While non-food related, you will see from the picture of the littlest grublet, taken an hour ago, (on APRIL 18th !!!) why I am suddenly becoming more at peace with the idea of moving back to BC...OK, enough rambling, here she is:
Lemon Tea Cake with Honey Glaze
3/4 cup sugar
1/4 cup veg oil OR melted butter
1/4 cup fresh lemon juice
2 tsp lemon zest
1 cup buttermilk (I used 1 cup milk plus a dollop of yogurt - with all the lemon juice in the recipe you could skip the yogurt. I added slightly more than 1 cup of milk because I decreased the fat content slightly from the original recipe)
21/2 cup flour (I used white although the original recipe calls for whole wheat)
1 T baking powder
1/2 tsp salt
1 tsp poppy seeds (optional, not in original recipe but I like the look)
Mix and then bake at 350 degrees for aprox 50 min in a reg size loaf pan. While still warm pierce with a wooden skewer or toothpick and top with glaze.

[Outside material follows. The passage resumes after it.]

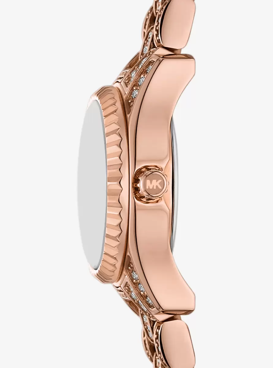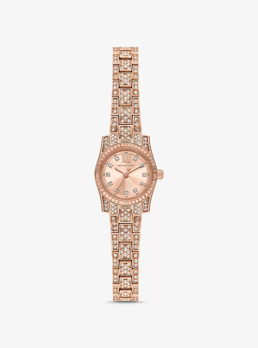 The Lexington watch exudes opulence with its rose-gold-tone hue and sparkling pavé accents. Made entirely of stainless steel, this micro timepiece boasts a round face with a beveled topring and a matching bracelet strap. Slip it on to give evening outfits a maximum dose of glamour.

Combine and microwave for aprox one minute:
1/4 cup lemon juice (I used up my one lemon for the loaf portion of the recipe, I substituted lemon from a bottle and it still tasted good).
2 T honey
1 T sugar (I will probably skip the sugar next time and just use honey).
Before signing off I must pay homage to an amazing "koek" baker who is turning 86 years old today. Happy Birthday Grandma!